• Work instructions: Nothing beyond the line containing "活动现场,在兰思仁校长的带领" is to be printed; print exactly each line from the start of the records below through that line, leaving out pictures.

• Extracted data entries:
──────
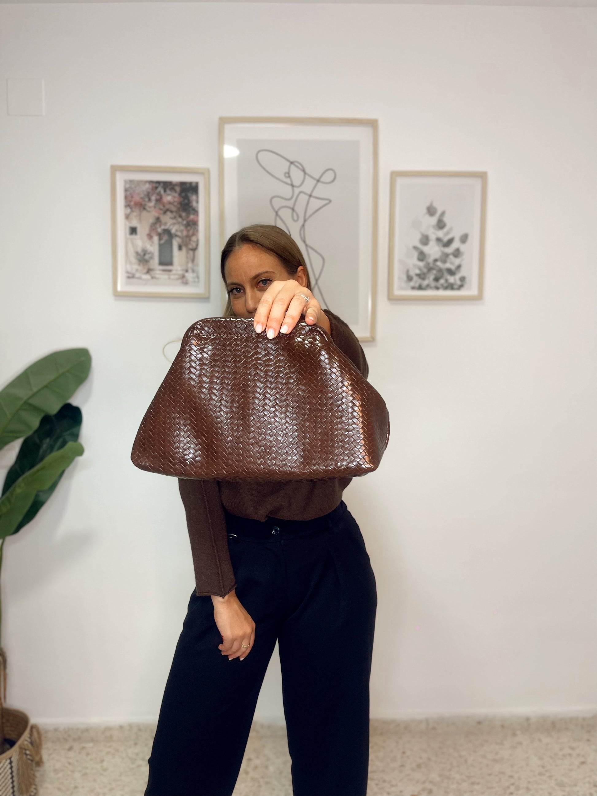 Bolso mano trenzado marrón/ con opcion de bandolera
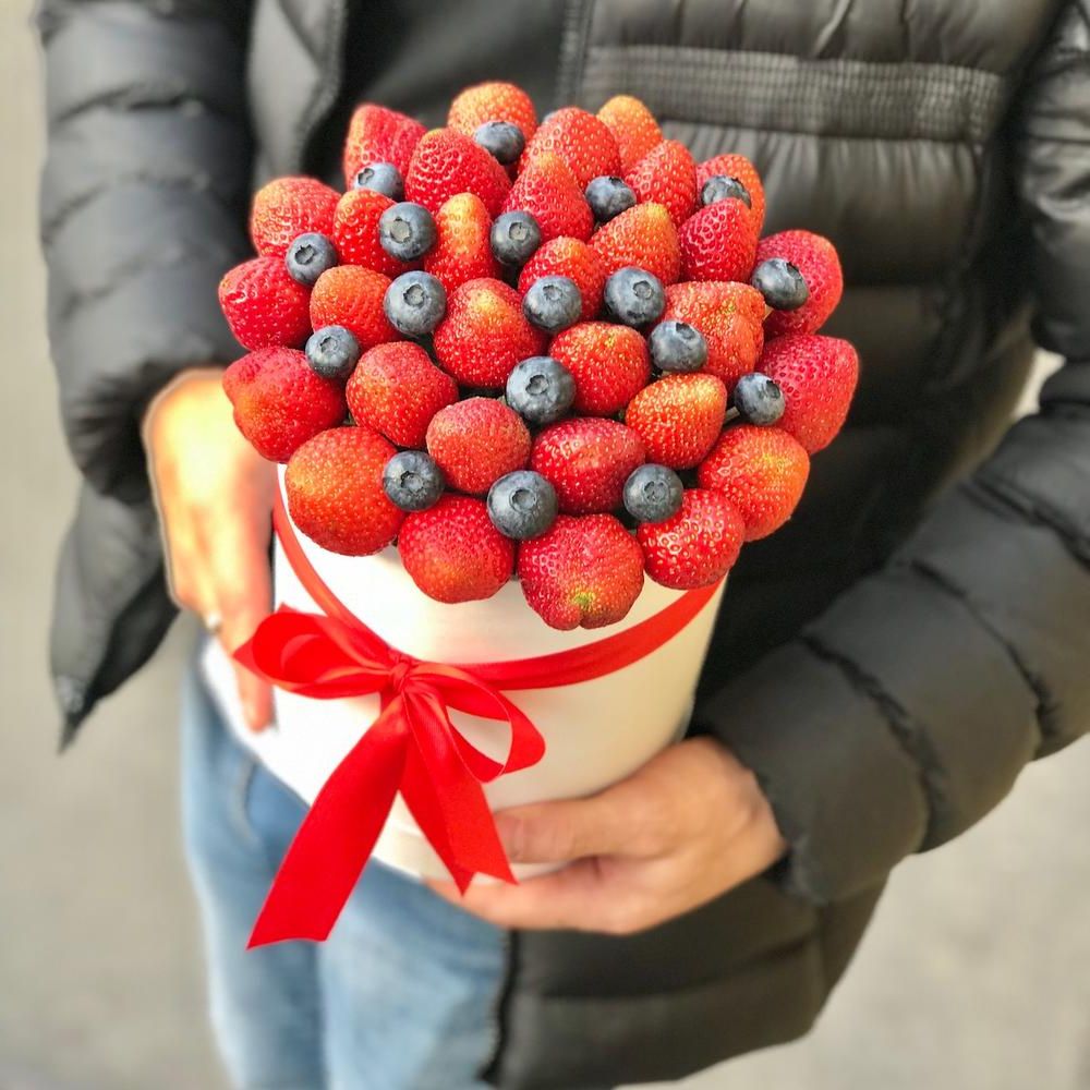 Ароматная клубника и голубика уложены в цилиндр плотными рядами. Каждая ягода на виду, композиция держит форму и выглядит как десерт.
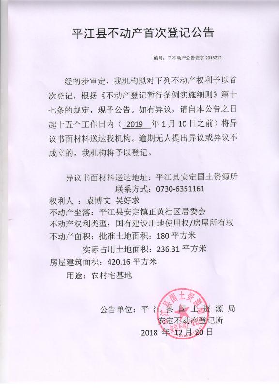 袁博文 吴好求不动产首次登记公告 安字2018212
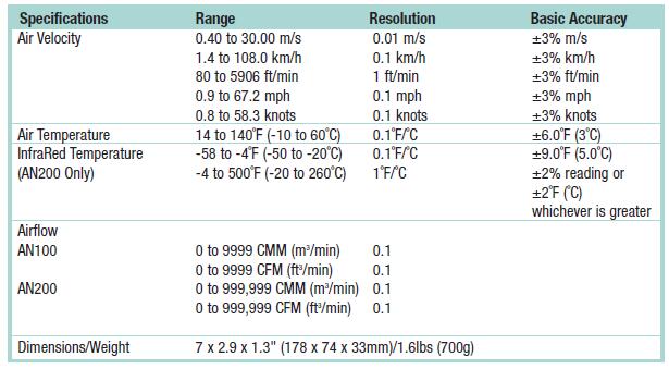 美國EXTECH AN100葉輪風(fēng)速儀的技術(shù)參數(shù)
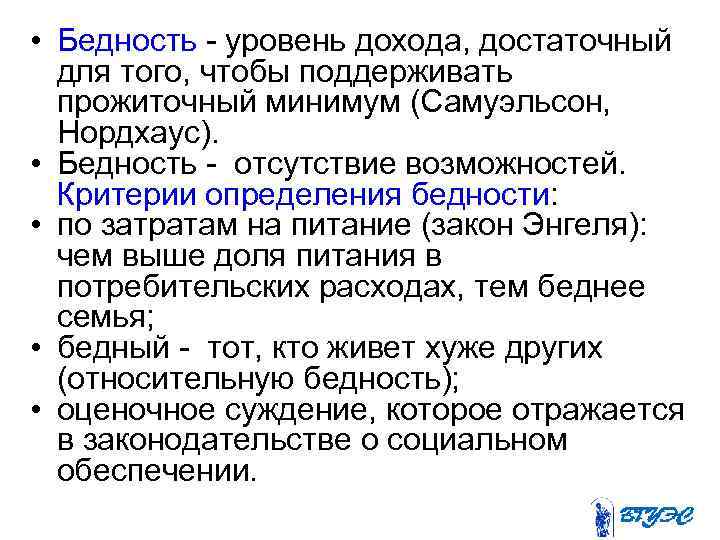 • Бедность уровень дохода, достаточный для того, чтобы поддерживать прожиточный минимум (Самуэльсон, Нордхаус). • Бедность отсутствие возможностей. Критерии определения бедности: • по затратам на питание (закон Энгеля): чем выше доля питания в потребительских расходах, тем беднее семья; • бедный тот, кто живет хуже других (относительную бедность); • оценочное суждение, которое отражается в законодательстве о социальном обеспечении.
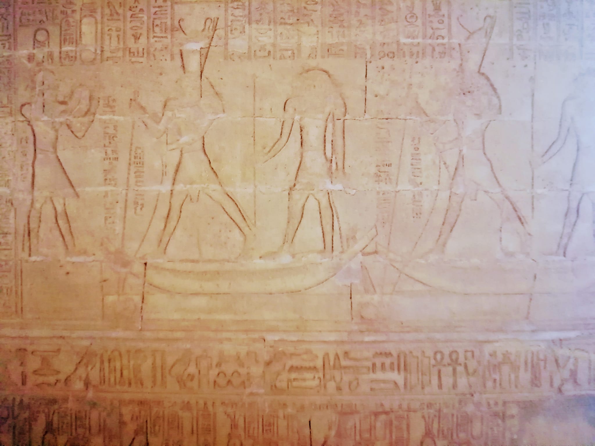 Il santuario sulla destra, che si trova sulla terraferma, riproduce il tempio di Edfu con le sue divinità principali, Horus Behedeti e Ra-Harakhty; quello di destra, che si trova a bordo della barca pronta a salpare, raffigura le stesse divinità, con la differenza che ora Ra-Horakhty è definito “Re dell’Alto e Basso Egitto”.
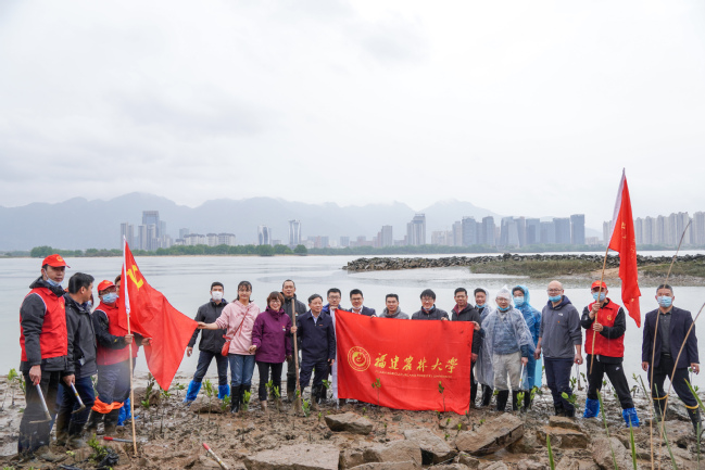 活动现场,在兰思仁校长的带领下,20余名代表们冒着细雨、穿着雨靴、扛着锄头、洋溢着笑容,三五成群一同在乌龙江江滩淤泥处种植了数百株红树林,用实际行动为福州的生态文明建设增添了新一道绿。随后,大家一同学习了习近平总书记3月30日在参加首都义务植树时的重要讲话精神,并就深化2个党支部共建进行了深入交流。
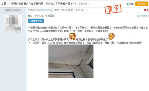 冰火兩重天,盡管業(yè)績方面成績單華麗,但另一方面中海全國多個(gè)項(xiàng)目卻問題不斷,飽受詬病。而開發(fā)商的中海地產(chǎn)態(tài)度冷淡、甚至漠視業(yè)主的訴求。人們不禁質(zhì)疑:身為大型央企,社會(huì)責(zé)任何在?[詳細(xì)] |
──────
• Response to this task:
 Bolso mano trenzado marrón/ con opcion de bandolera
 Ароматная клубника и голубика уложены в цилиндр плотными рядами. Каждая ягода на виду, композиция держит форму и выглядит как десерт.
 袁博文 吴好求不动产首次登记公告 安字2018212
 美國EXTECH AN100葉輪風(fēng)速儀的技術(shù)參數(shù)
 • Бедность уровень дохода, достаточный для того, чтобы поддерживать прожиточный минимум (Самуэльсон, Нордхаус). • Бедность отсутствие возможностей. Критерии определения бедности: • по затратам на питание (закон Энгеля): чем выше доля питания в потребительских расходах, тем беднее семья; • бедный тот, кто живет хуже других (относительную бедность); • оценочное суждение, которое отражается в законодательстве о социальном обеспечении.
 Il santuario sulla destra, che si trova sulla terraferma, riproduce il tempio di Edfu con le sue divinità principali, Horus Behedeti e Ra-Harakhty; quello di destra, che si trova a bordo della barca pronta a salpare, raffigura le stesse divinità, con la differenza che ora Ra-Horakhty è definito “Re dell’Alto e Basso Egitto”.
 活动现场,在兰思仁校长的带领下,20余名代表们冒着细雨、穿着雨靴、扛着锄头、洋溢着笑容,三五成群一同在乌龙江江滩淤泥处种植了数百株红树林,用实际行动为福州的生态文明建设增添了新一道绿。随后,大家一同学习了习近平总书记3月30日在参加首都义务植树时的重要讲话精神,并就深化2个党支部共建进行了深入交流。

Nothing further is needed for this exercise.